# Profitable App Profiles for the App Store and Google Play Markets

Our _goal_ for this project is to analyze data to help our developers understand what type of apps are likely to attract more users on Google Play and the App Store. To do this, we'll need to collect and analyze data about mobile apps available on Google Play and the App Store.

As of September 2018, there were approximately 2 million iOS apps available on the App Store, and 2.1 million Android apps on Google Play.

## Datasets
- A data set containing data about approximately ten thousand Android apps from Google Play. You can download the data set directly from [this link](https://dq-content.s3.amazonaws.com/350/googleplaystore.csv).
- A data set containing data about approximately seven thousand iOS apps from the App Store. You can download the data set directly from [this link](https://dq-content.s3.amazonaws.com/350/AppleStore.csv).


In [1]:
from csv import reader

# read Apple Store
opened_ios = open('AppleStore.csv')
read_ios = reader(opened_ios)
ios = list(read_ios)
header_ios = ios[0]
ios = ios[1:]
# read Google Play Store
opened_android = open('googleplaystore.csv')
read_android = reader(opened_android)
android = list(read_android)
header_android = android[0]
android = android[1:]

## Opening and exploring the data
- To make them easier for you to explore, we created a function named explore_data() that you can repeatedly use to print rows in a readable way.
- Print length of both datasets
- Print column names (aka headers) for both datasets
- Print 3 first rows of both datasets

In [2]:
def explore_data(dataset, start, end, rows_and_columns=False):
    dataset_slice = dataset[start:end]    
    for row in dataset_slice:
        print(row)
        print() # adds a new (empty) line after each row

    if rows_and_columns:
        print('Number of rows:', len(dataset))
        print('Number of columns:', len(dataset[0]))
        
#exploring ios dataset       
print('Apple Store dataset includes', len(ios), 'rows', '\n')
print('Column names are: ', header_ios, '\n')
explore_data(ios, 0, 3, False)

#exploring android dataset
print('Google Play Store dataset includes', len(android), 'rows','\n')
print('Column names are: ', header_android)
explore_data(android, 0, 3, False)

Apple Store dataset includes 7197 rows 

Column names are:  ['id', 'track_name', 'size_bytes', 'currency', 'price', 'rating_count_tot', 'rating_count_ver', 'user_rating', 'user_rating_ver', 'ver', 'cont_rating', 'prime_genre', 'sup_devices.num', 'ipadSc_urls.num', 'lang.num', 'vpp_lic'] 

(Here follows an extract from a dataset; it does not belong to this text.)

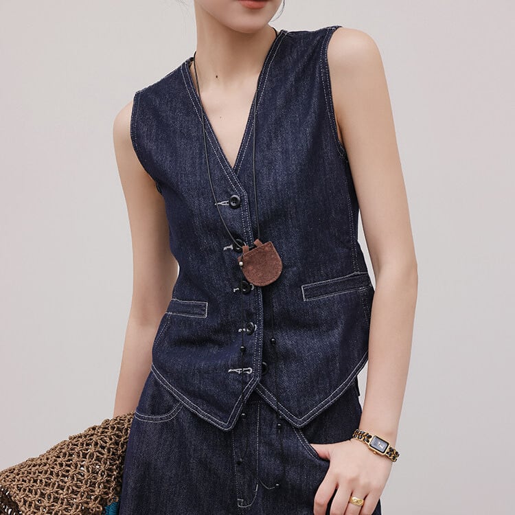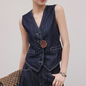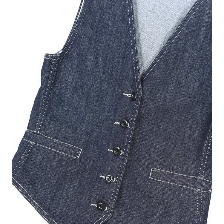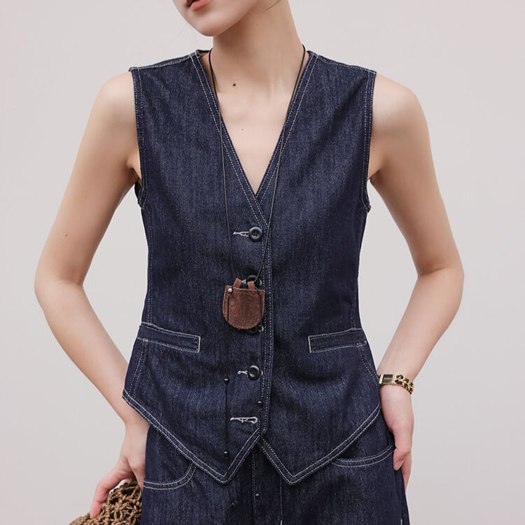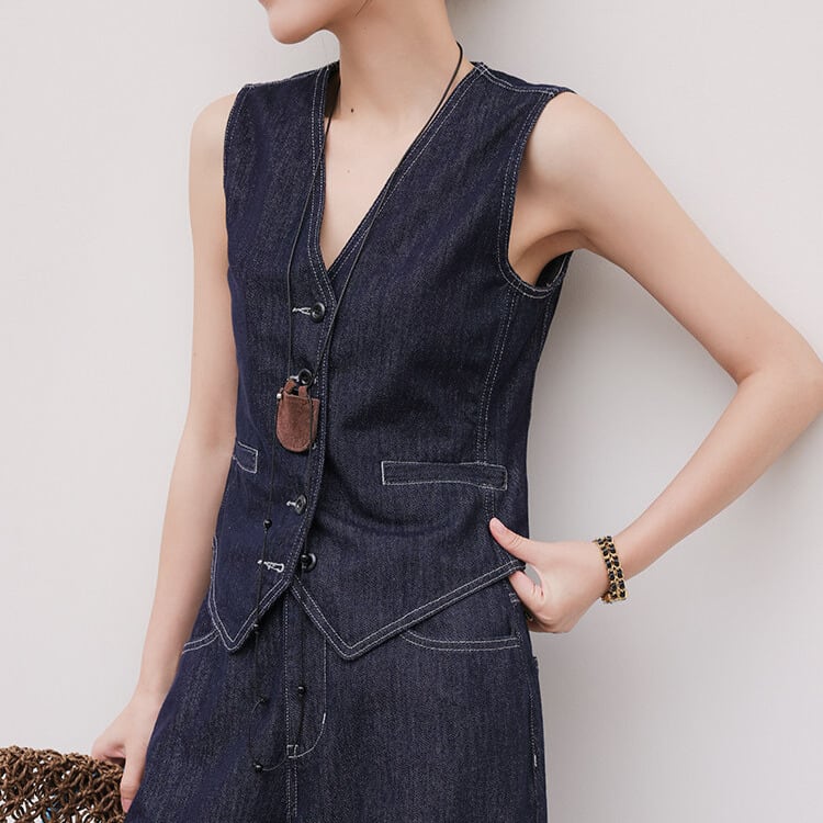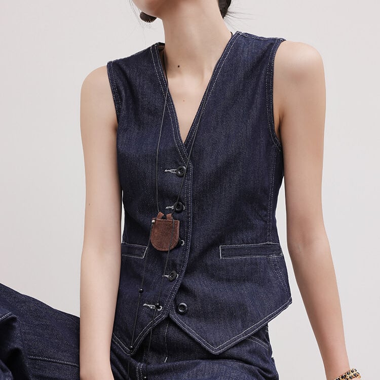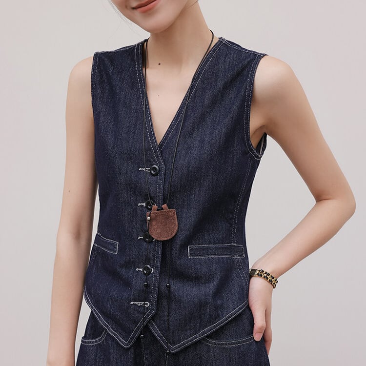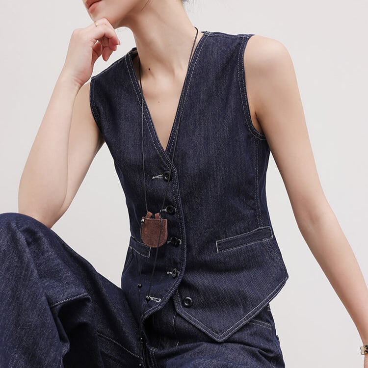 シンプルなデザインながらも、存在感を放つボタンフロントベスト。

['284882215', 'Facebook', '389879808', 'USD', '0.0', '2974676', '212', '3.5', '3.5', '95.0', '4+', 'Social Networking', '37', '1', '29', '1']

['389801252', 'Instagram', '113954816', 'USD', '0.0', '2161558', '1289', '4.5', '4.0', '10.23', '12+', 'Photo & Video', '37', '0', '29', '1']

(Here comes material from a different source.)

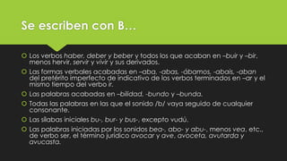 El documento proporciona reglas sobre el uso de las letras B, V, S, C y Z en palabras del español. Explica que la B se usa en verbos como haber y deber, palabras que terminan en -bilidad, y sílabas iniciales como bu-. La V se usa después de consonantes como d, b, n, y en palabras que comienzan con eva-. La Z se usa delante de vocales a, o, u, y delante de c sonando como k. La C se usa en verbos que terminan en -cer y palabras que terminan en -cia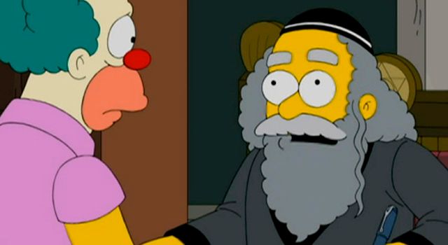 Los judíos tienen su estereotipo en el papá de Krusty, un hombre serio y conservador que no está orgulloso de su hijo; las tradiciones primero.

['529479190', 'Clash of Clans', '116476928', 'USD', '0.0', '2130805', '579', '4.5', '4.5', '9.24.12', '9+', 'Games', '38', '5', '18', '1']

Google Play Store dataset includes 10841 rows 

Column names are:  ['App', 'Category', 'Rating', 'Reviews', 'Size', 'Installs', 'Type', 'Price', 'Content Rating', 'Genres', 'Last Updated', 'Current Ver', 'Android Ver']
['Photo Editor & Candy Camera & Grid & ScrapBook', 'ART_AND_DESIG

### Data cleaning
To make sure the data we analyze is accurate we have to:

- Detect inaccurate data, and correct or remove it.
- Detect duplicate data, and remove the duplicates.

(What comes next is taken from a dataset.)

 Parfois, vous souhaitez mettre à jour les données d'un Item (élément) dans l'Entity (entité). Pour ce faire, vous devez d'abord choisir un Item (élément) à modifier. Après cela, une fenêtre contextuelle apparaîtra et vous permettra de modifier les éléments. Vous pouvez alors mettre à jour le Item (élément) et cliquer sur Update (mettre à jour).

The first step is to tailor the data for our aim:
- Remove apps that aren't free.

In [3]:
#finding free apps in English for Apple Store
ios_free = []
for row in ios:
    if row[4] == '0.0':
        ios_free.append(row)
print('Apple Store free dataset includes', len(ios_free), 'rows', '\n')

#finding free apps in English for Google Play Store
android_free = []
for row in android:
    if row[6] == 'Free':
        android_free.append(row)
print('Google Play Store free dataset includes', len(android_free), 'rows', '\n')

Apple Store free dataset includes 4056 rows 

Google Play Store free dataset includes 10039 rows 



## Removing duplicates from the datasets_1
At the first step we check both datasets for duplicates and print some of them to see, how much are they identical to each other.

In [4]:
#checking for duplicates for Apple Store
unique_names_ios = []
duplicate_names_ios = []
for row in ios_free:
    name = row[1]
    if name in unique_names_ios:
        duplicate_names_ios.append(name)
    else: 
        unique_names_ios.append(name)
print('There are', len(duplicate_names_ios), 'duplicates in the Apple Store dataset.', '\n')
for row in ios_free:
    name = row[1]
    if name in duplicate_names_ios[:1]:
        print(row)

#checking for duplicates for Google Play Store
unique_names_android = []
duplicate_names_android = []
for row in android_free:
    name = row[0]
    if name in unique_names_android:
        duplicate_names_android.append(name)
    else: 
        unique_names_android.append(name)
print('There are', len(duplicate_names_android), 'duplicates in the Google Play Store dataset.', '\n')
print('Here are duplicate rows for one application. We can see how they differ from each other.', '\n')
for row in android_free:
    name = row[0]
    if name in duplicate_names_android[:1]:
        print(row)

There are 2 duplicates in the Apple Store dataset. 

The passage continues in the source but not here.